→ **MATERIAL FOR THE TASK**
__________________________________________________

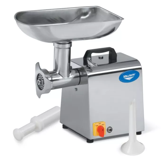 Efficient and reliable under demanding conditions, the No. 12 meat grinder by Vollrath is the ideal product for butchers, supermarkets, restaurants, delis, and more. This grinder has a stainless steel body with no sharp corners or seams, and the feed tray holds large amounts of meat at once, while the pusher helps you feed the product down the chute. The 1-HP energy-efficient motor and precision gear drive easily grind 264 pounds of meat per hour, and a forward and reverse switch allows for higher-quality grinding. Nonskid feet maintain stability, and the grinding head, pan, and attachments are dishwasher-safe, ensuring a quick cleanup.
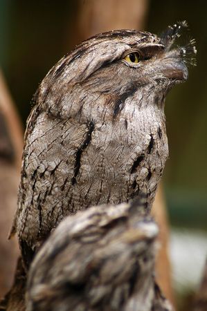 grey australian bird, large yellow eyes, camouflaged to look like a tree branch.
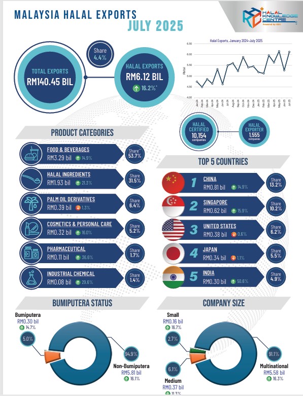 25 Sep, 2025The total export performance for Malaysia in July 2025 amounted to RM140.45 billion and Halal exports reached RM6.12billion, marking a month-on-month increase of 16.2%. The number of halal-certifie...
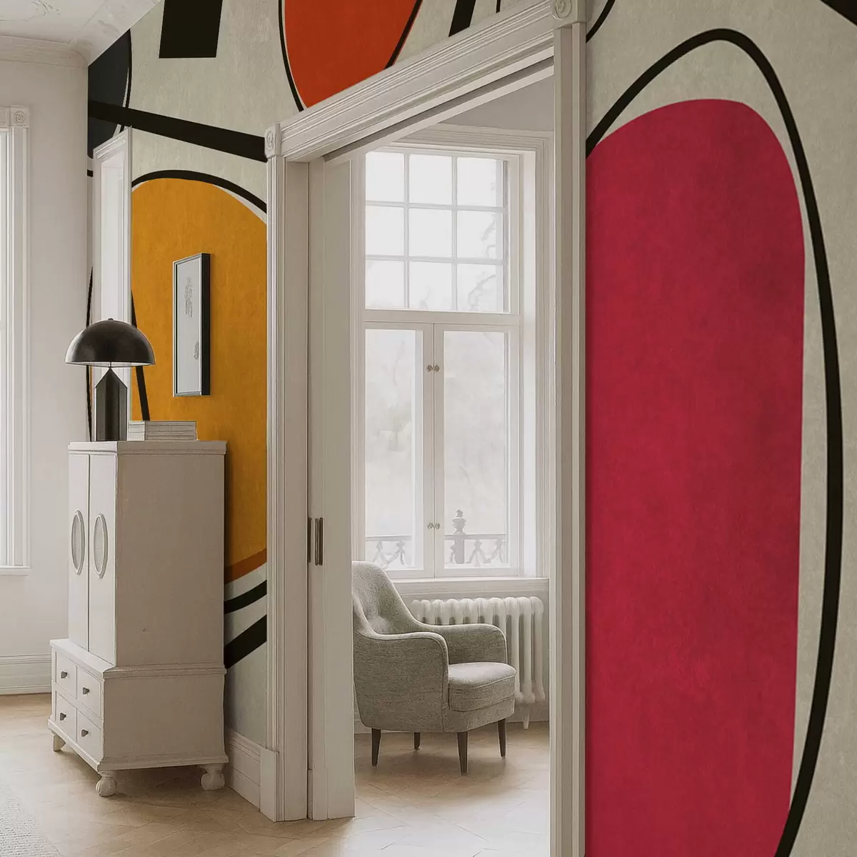 Fototapet Forme abstracte și linii cu câmpuri de culori îndrăznețe Nr. w05017
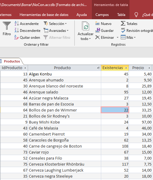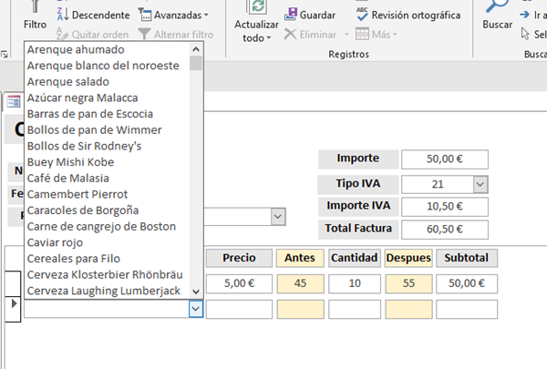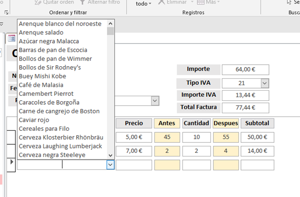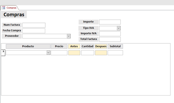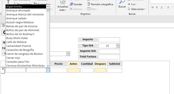 Cuando abro el formulario Compras en un registro nuevo, primero borra lo que hubiera en la tabla Aux, luego inserta en ella todos los productos de la tabla Productos de forma que cuando pongo el cursor en el combinado
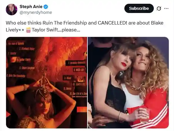 Jika “Ruin the Friendship” bukan tentang Blake, dan foto -foto ini tidak nyata. #Thelifeofashowgirl #Taylorswift pic.twitter.com/wtyaytzyrr
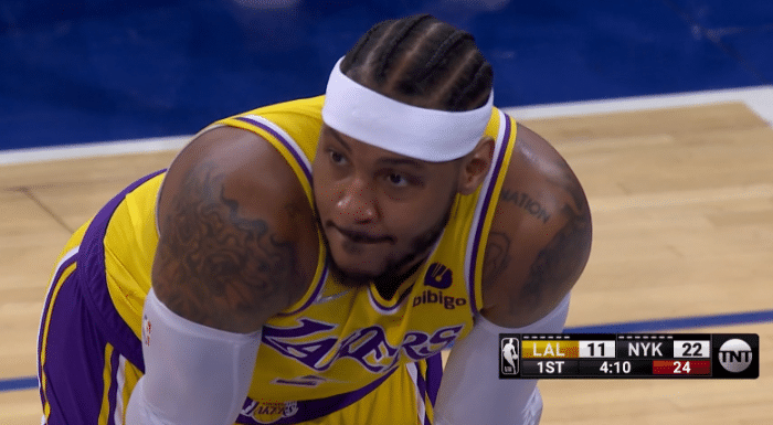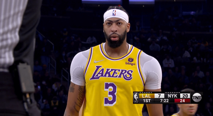 360直播11月24日讯 ,詹姆斯因禁赛一场而缺席,浓眉带病坚持出战,第一节上场8分钟4投1中拿到2分,湖人首节20-36落后16分被压制,安东尼重返纽约点燃现场;湖人旧将兰德尔单节10分6篮板,富尼耶11分。

__________________________________________________

→ **WORK ITEM**
Starting from the first line of the listing above, write out every line exactly through the one containing "25 Sep, 2025The", and drop the pictures.

→ **SOLUTION BELOW**
 Efficient and reliable under demanding conditions, the No. 12 meat grinder by Vollrath is the ideal product for butchers, supermarkets, restaurants, delis, and more. This grinder has a stainless steel body with no sharp corners or seams, and the feed tray holds large amounts of meat at once, while the pusher helps you feed the product down the chute. The 1-HP energy-efficient motor and precision gear drive easily grind 264 pounds of meat per hour, and a forward and reverse switch allows for higher-quality grinding. Nonskid feet maintain stability, and the grinding head, pan, and attachments are dishwasher-safe, ensuring a quick cleanup.
 grey australian bird, large yellow eyes, camouflaged to look like a tree branch.
 25 Sep, 2025The total export performance for Malaysia in July 2025 amounted to RM140.45 billion and Halal exports reached RM6.12billion, marking a month-on-month increase of 16.2%. The number of halal-certifie...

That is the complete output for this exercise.